I have a model that is connected to excel tables that are linked.   I was trying to update it when I realised I now have more rows of transactions than the 1,048,000 excel limit. We have just recently started looking at moving all the data to an sql import which i know would not have this limit, but that is possibly a while away. Meanwhile the company has no other tool for running its finances and other business intelligence. 
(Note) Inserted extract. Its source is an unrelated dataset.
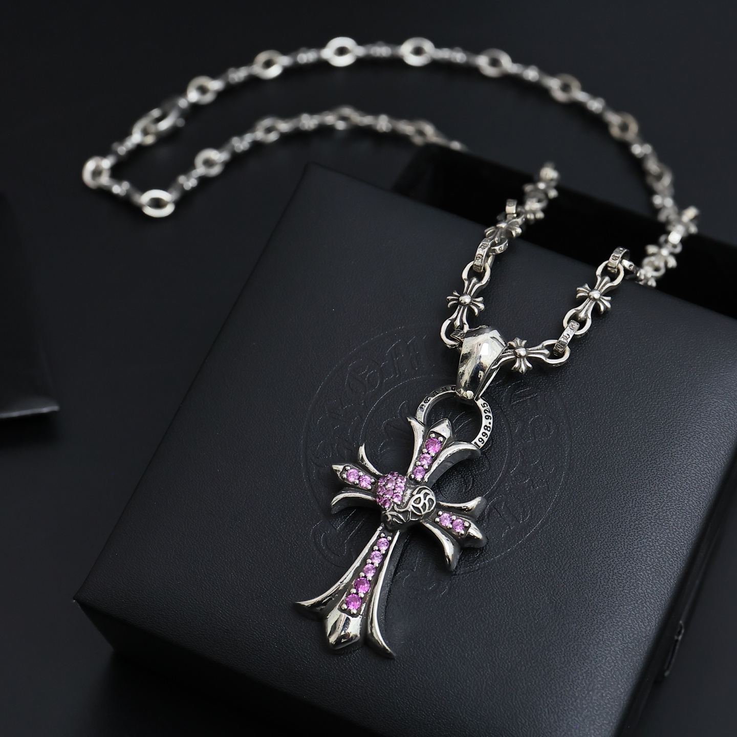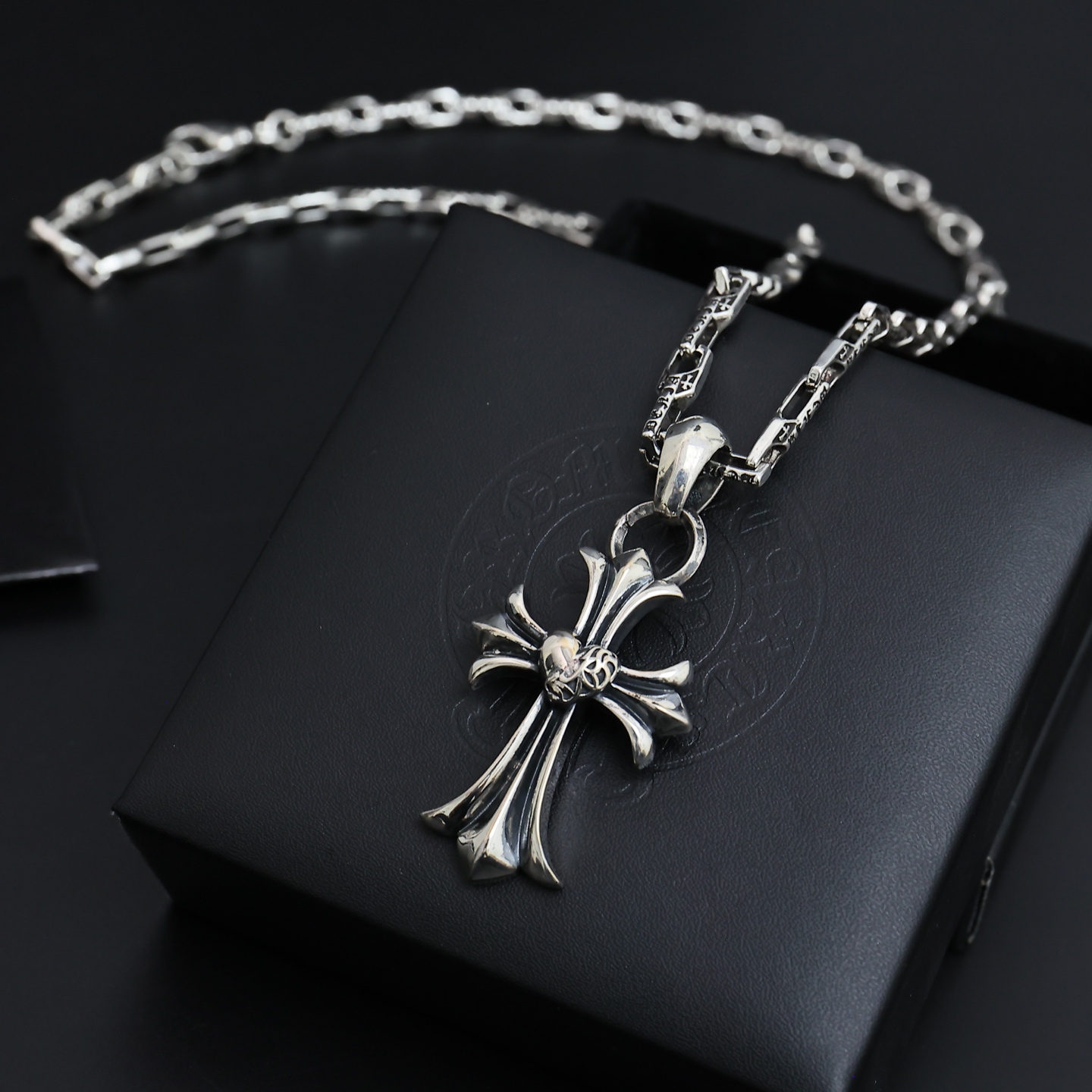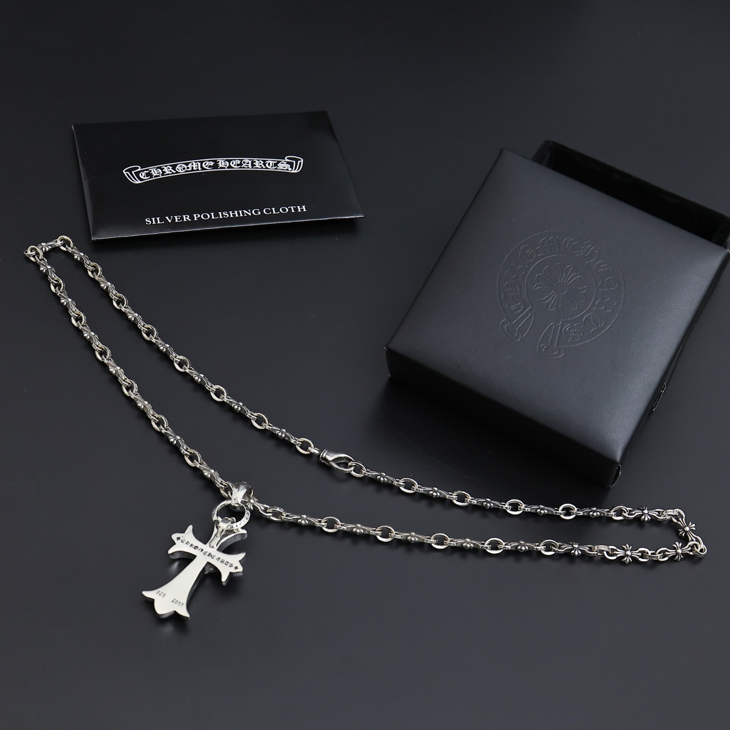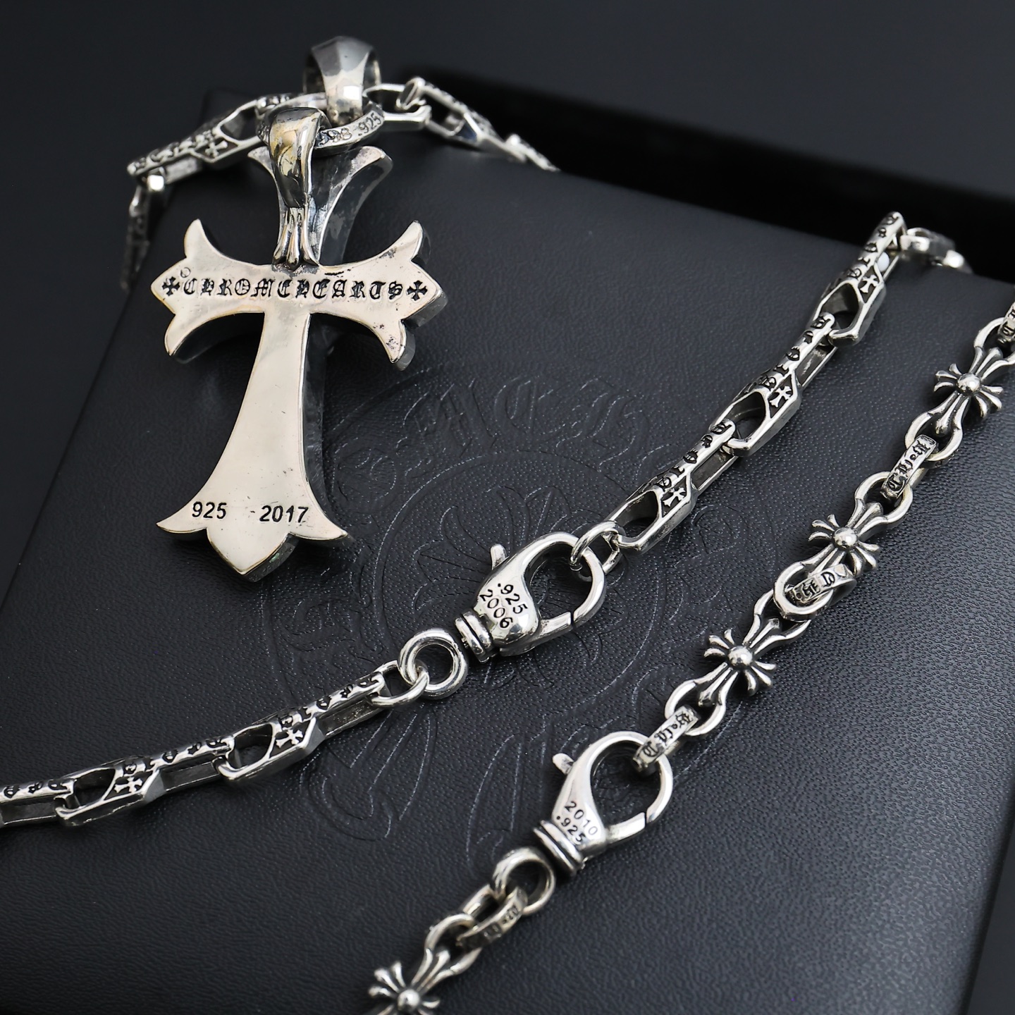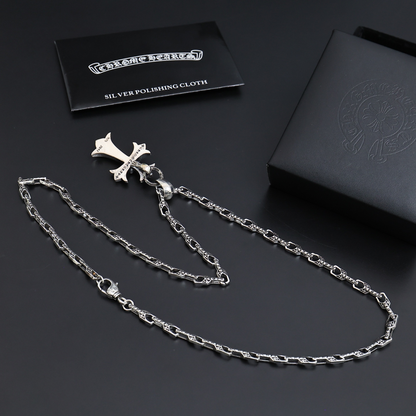 这款首饰是AAAAA 1:1 质量 (非常棒). 使用了和原版一模一样的材料. 商标部分也保持了和克罗心/Chrome Hearts一样. 图片拍摄是实物首饰拍摄, 您所收到的实物保证和我们图片一模一样.

So before I give the CEO the bad news is there anything I can do quickly?  I believe if all the data was in  a CSV there is more room, but presumably as soon as i link that to powerpivot I would need to rewrite every measure?  This is the same amount of work as getting all the data into sql and importing directly I think. Is the best option just to get an sql DB in place urgently and just rebuild all the measures once?

Thanks for any advice.

mike


----------



## NeonRedSharpie (Feb 9, 2015)

Yea...once you've even come close to that limit it should have been in a database environment. You can TRY access, but sql is going to be your friend at this point.


----------



## Asala42 (Feb 9, 2015)

If it were me I'd either import that data into MS Access or look for a way to split the query in some logical way

[edit] Another thing that might be worthwhile is to review a recent export and look for "junk records", see if there's something you can filter off on the query side that you've been unnecessarily pulling this whole time.


----------



## GDRIII (Feb 9, 2015)

PowerQuery might allow you to merge two sheets but, I have only a loose understanding of it's capabilities


----------



## scottsen (Feb 10, 2015)

There will be some minor suck... but I think you will live n stuff 

So, you have an immediate problem that deserves some immediate attention.  I think SQL is a longer term play.   Getting that data out of a sheet and into a CSV is pretty easy.  Importing it to power pivot via the CSV ... easy.  The only thing that really sucks is re-creating the 1 table.  If there are measures on it... move them off to some other table first.  Then nuke the table, bring in the table via the csv, move your measures back, recreate any relationships... done.

Then you can think about SQL once you are back to breathing...


----------